- **What to produce**: Using the entries that follow, transcribe only the lines from the line with "长期以来，不论工作多忙，我都" to the line with "Mapa III. El", both included, exactly as they stand and without pictures.

- **Information given**:
Start of Block
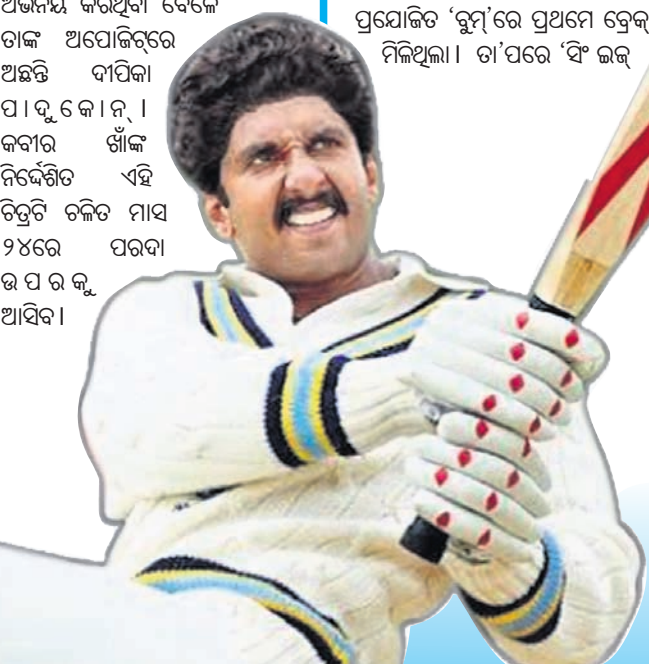
ଚଳଚ୍ଚିତ୍ର '୮୩'ରେ ରଣବୀର

ବହୁ ପ୍ରତୀକ୍ଷିତ ବାୟୋପିକ୍ '୮୩' ଏବେ ପୁଣି ଥରେ ଚର୍ଚ୍ଚାରେ । କାରଣ ଏଥିରେ ସଂଯୋଜିତ ଗୀତ 'ଲେହେରା ଦୋ' ବର୍ତ୍ତମାନ ବେଶ୍ ଭାଇଭାଇ ହୋଇଛି । ୧୯୮୩ ଭାରତୀୟ କ୍ରିକେଟ ଇତିହାସରେ ସ୍ଵର୍ଣ୍ଣକାଳରେ ଲିପିବଦ୍ଧ ହୋଇ ରହିବ । ଏହି ବର୍ଷ ଭାରତ ପ୍ରଥମ ଥର ପାଇଁ ବିଶ୍ଵକପ୍ ହାସଲ କରିଥିଲା ଏବଂ ଏହି ଦଳର ନେତୃତ୍ଵ ନେଇଥିଲେ ଅଲରାଉଣ୍ଡର କପିଳଦେବ । ତାଙ୍କ ଜୀବନୀକୁ ନେଇ ନିର୍ମିତ ଫିଲ୍ମ '୮୩'ରେ ଏପରି ଏକ ଦେଶାତ୍ମବୋଧକ ଗୀତ ଦେଖିବାକୁ ମିଳିବ । ଭାରତ କପ୍ ଜିତିବା ପରେ ପାଳନ କରାଯାଉଥିବା ବିଜୟ ଉତ୍ସବକୁ ନେଇ ଏ ହି । ର ଦୃଶ୍ୟାୟନ କରାଯାଇଛି ।
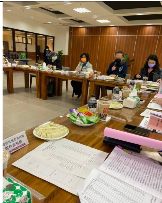
圖3：實地履勘並與機關人員
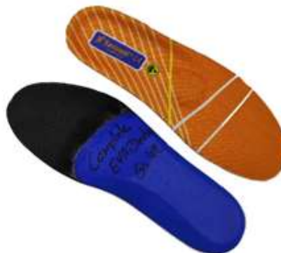
95162201471XX Secosol Complete Kit, textil Cover
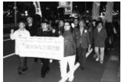
くらしの改善求めてパレード

また、春の総行動で行政との懇談もある旨を伝えると「ぜひ一緒に参加したい」と手を上げてくれました。その他にも「公園の地下に雨水貯留施設をつくらせてほしい」「車を移動させる場所がない」など多くの住民から切実な声が集まりました。
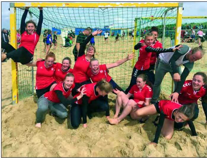
Die Erste Damen kollabiert beim Mannschaftsfoto
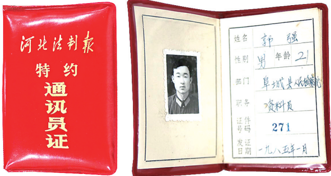
图为作者保存的特约通讯员证。

长期以来，不论工作多忙，我都坚持阅读《河北法制报》，遇到对自己有用的文章，我会随手剪贴下来，迄今已累计了60个剪贴本。这些剪贴本成了我的“粮库”，在我日常工作和学习中发挥了启迪、导向和助力作用，是我汲取丰富养料的源泉。比如我在召开局长办公会研究案件时，针对提请研究的案件，会在“案例剪贴本”上找出同一罪名、同一性质的案例提前“预习”，借鉴专家观点、办案人员认识等作为参考，然后结合具体案情，在充分听取大家的意见后，再对案件做出处理。虽然是“现学现卖”，但自己在把关定性上更有底气、更全面，对提高执法办案质量大有裨益。2007年8月，《河北法制报》记者韩志强以《一把剪刀一支笔，学习使我终身受益》为题，就我坚持读报剪报的事进行了报
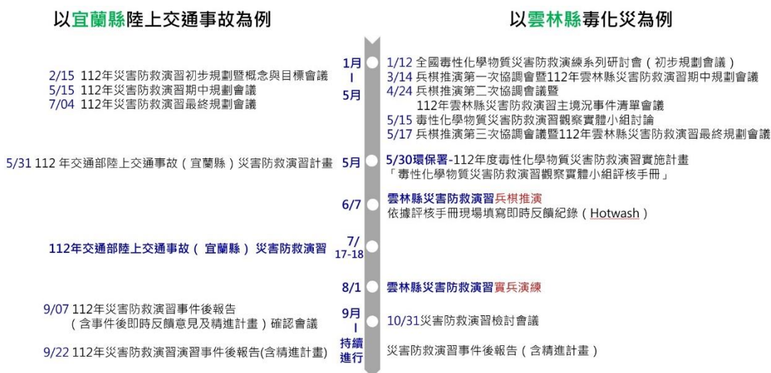
圖 6 災防科技中心參與雲林縣、宜蘭縣災防演習相關會議時序
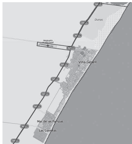
Mapa III. El partido de Villa Gesell y sus localidades

dimensión simbólica fundamental, ya que opera como frontera social, es decir, separa a dos grupos sociales en tensión: de un lado del bulevar, "los antiguos residentes": principalmente autodefinidos como de clase media, "ciudadanos de bien", portadores de apellido, dueños de la industria turística geselina y merecedores de la ciudad; y del otro lado, "los recién llegados": sectores populares, trabajadores del área de servicios, aquellos que son definidos por los "tradicionales residentes" como "intrusos" y, por tanto, no merecedores de la ciudad.
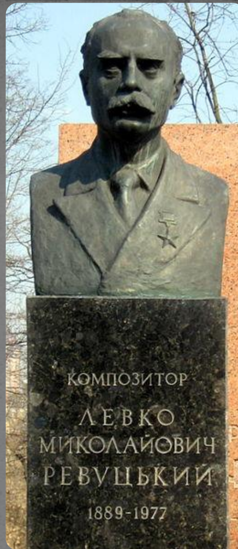
Надгробок Левка Ревуцького на Байковому цвинтарі в Києві
End of Block
- **Expected answer**:
长期以来，不论工作多忙，我都坚持阅读《河北法制报》，遇到对自己有用的文章，我会随手剪贴下来，迄今已累计了60个剪贴本。这些剪贴本成了我的“粮库”，在我日常工作和学习中发挥了启迪、导向和助力作用，是我汲取丰富养料的源泉。比如我在召开局长办公会研究案件时，针对提请研究的案件，会在“案例剪贴本”上找出同一罪名、同一性质的案例提前“预习”，借鉴专家观点、办案人员认识等作为参考，然后结合具体案情，在充分听取大家的意见后，再对案件做出处理。虽然是“现学现卖”，但自己在把关定性上更有底气、更全面，对提高执法办案质量大有裨益。2007年8月，《河北法制报》记者韩志强以《一把剪刀一支笔，学习使我终身受益》为题，就我坚持读报剪报的事进行了报
圖 6 災防科技中心參與雲林縣、宜蘭縣災防演習相關會議時序
Mapa III. El partido de Villa Gesell y sus localidades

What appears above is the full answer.